The combination of these highly complementary firms will create an investment banking and asset management leader well-positioned to grow through increased scale, expertise and geographic reach. The combined firm will provide financial advisory services, asset management solutions, and energy securities research, underwriting and trading services to a broad, global client base.

The combined firm will have over $12 billion in assets under management, and more than 650 employees across eight offices in New York, Houston, London, Denver, San Francisco, Dubai, Abu Dhabi, and Calgary.

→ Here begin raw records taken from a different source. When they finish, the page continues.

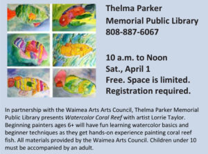 Thelma Parker Memorial Library and the Waimea Arts Council are very excited to host free First Saturday Community Art Classes. The first class is Saturday, April 1 from 10am to noon at Thelma Parker Memorial Library in Waimea. Artist and WAC member Lorrie Taylor will launch this program with Watercolor Coral Reef. Beginning painters ages 6+ will have fun learning watercolor basics and beginner ... Read more
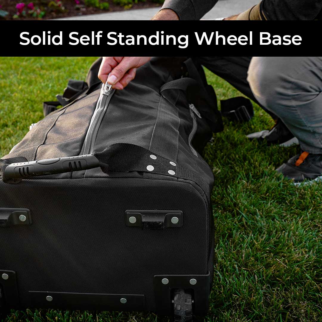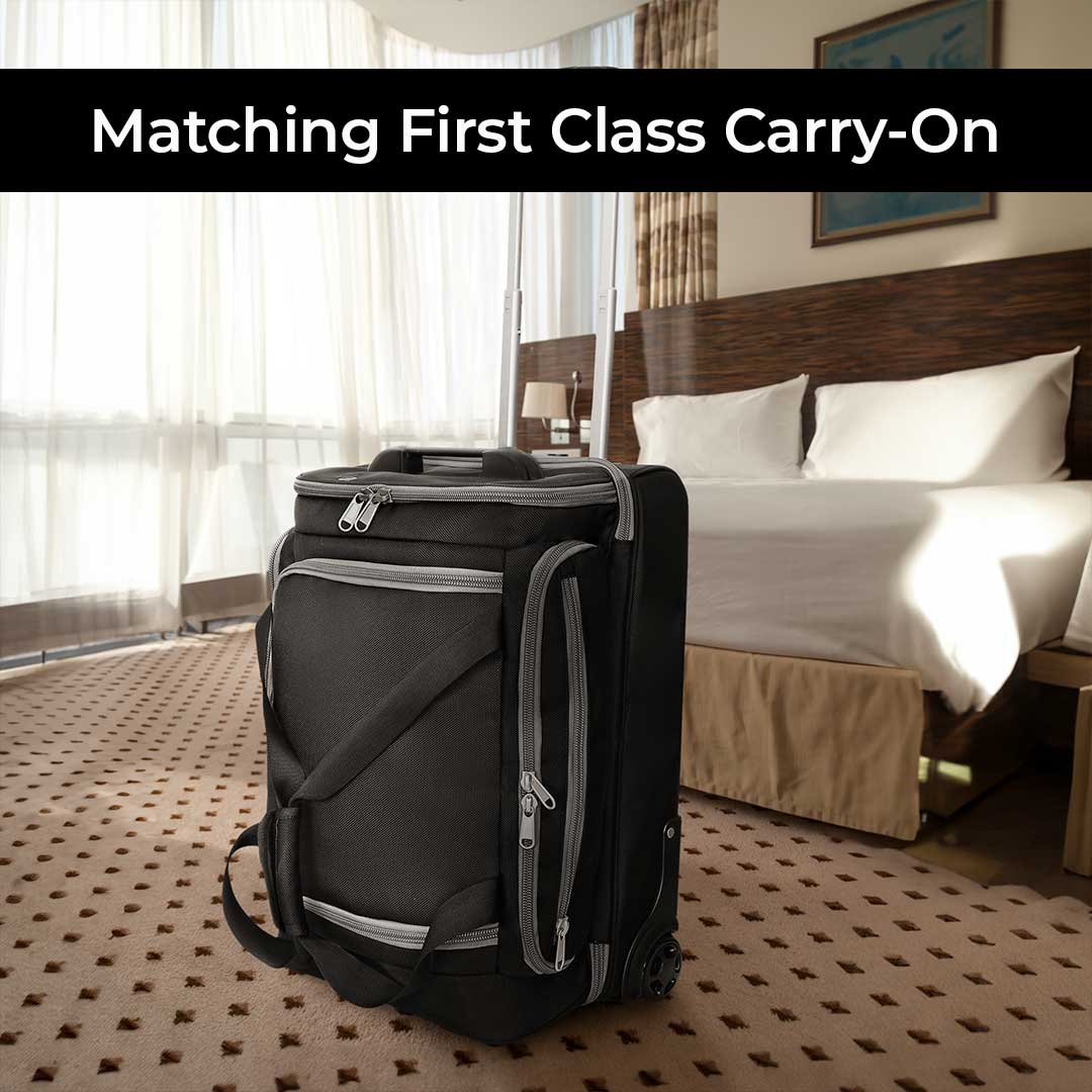 The full stand up wheel base allows you to stand the bag upright when traveling without tipping.  Skid rails and oversized wheels helps the First Class roll with ease through airports.
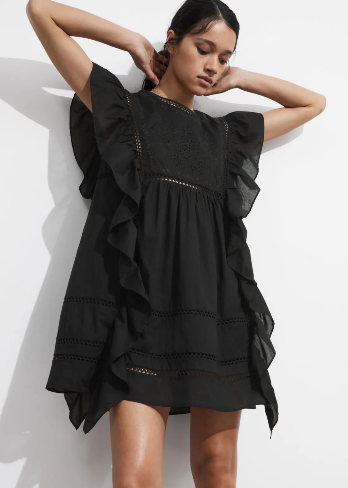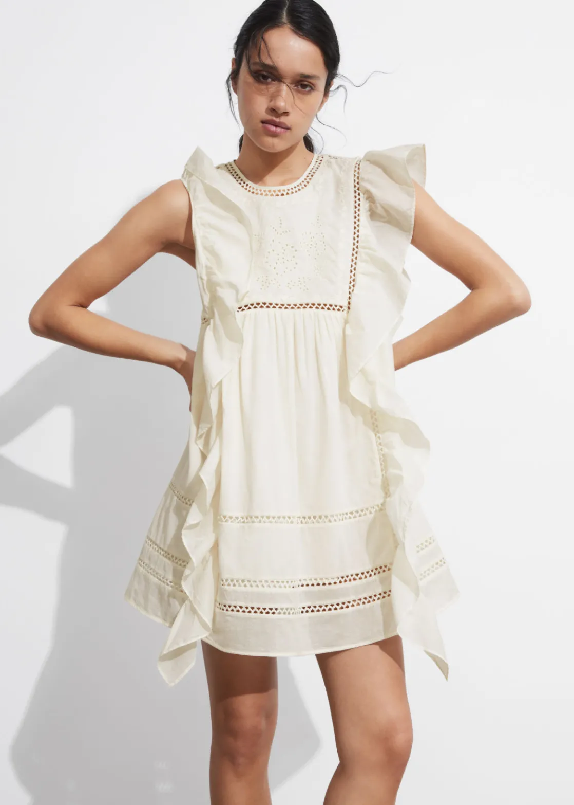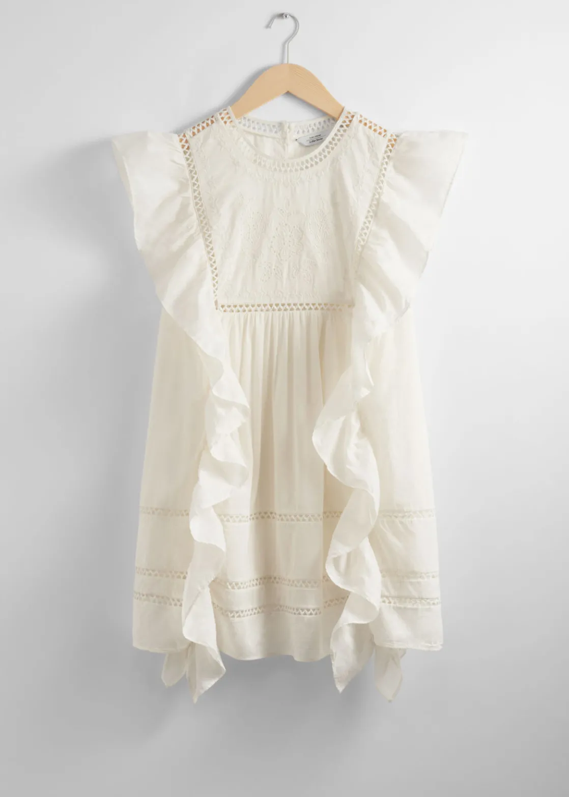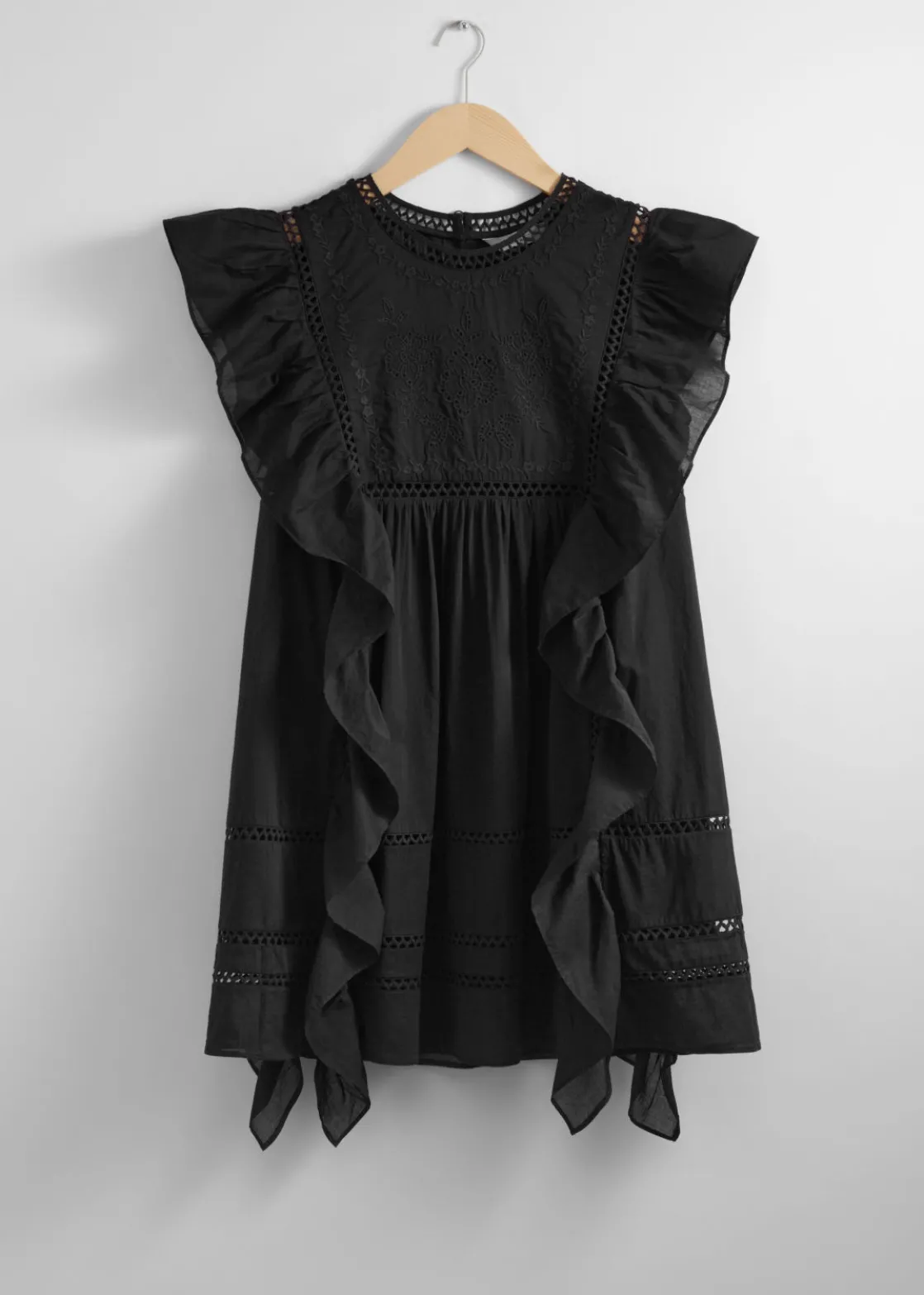 Mini dress featuring floral embroidery at the chest. Traced with cascading ruffles along the shoulders and down the sides.
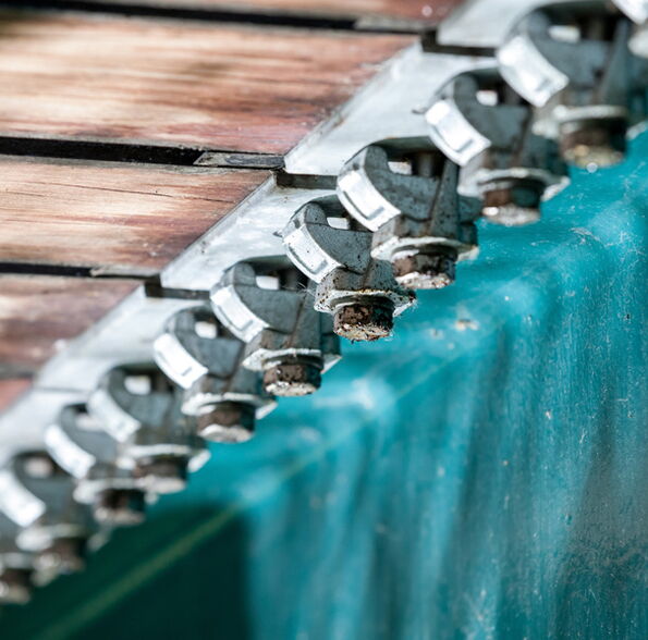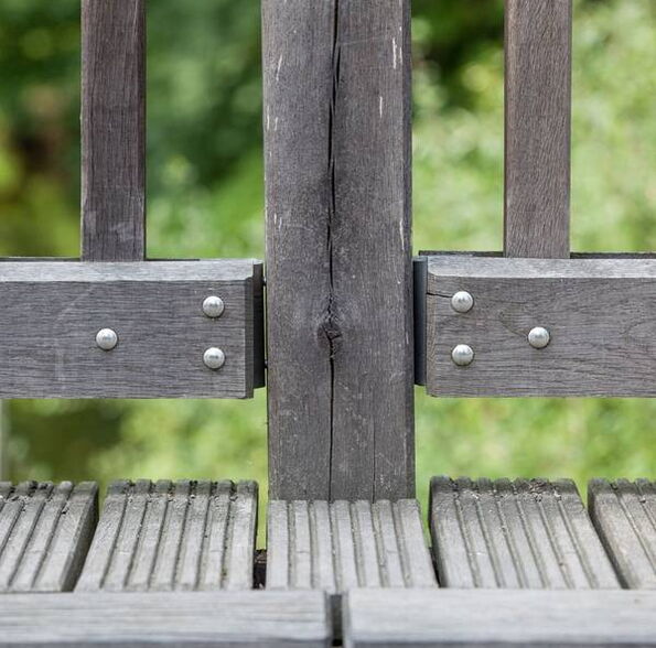 Das Haupttragsystem bilden 5 Stahlträger IPE 500 im Abstand von 94 cm. Als Fahrbahnkonstruktion dienen Eichenbohlen mit b/d= 18/22 cm, wobei 2 cm als Verschleißschicht eingerechnet wurden. Auf diese Bohlen wurden später diagonal verlegte Bohlen geschraubt!

Robert K. Steel, Chief Executive Officer of Perella Weinberg Partners, said, “The addition of TPH’s premier energy capabilities and market presence presents significant opportunities for immediate and long-term growth in service to our clients. We recognize the preeminent role that TPH has built as an energy banker in North America, the respect it has earned in the industry, and its leadership and strong voice in Houston. This combination will enable us together to build further on the great achievements of TPH. We believe TPH’s strong suite of asset management strategies and solutions are poised to benefit from recovery in the energy market and well-suited to drive further growth and value for investors. The combination also adds TPH’s securities business, renowned for its deep domain research and thought-leadership, which will strengthen our ability to provide industry knowledge. We are excited to work together to better serve our clients.”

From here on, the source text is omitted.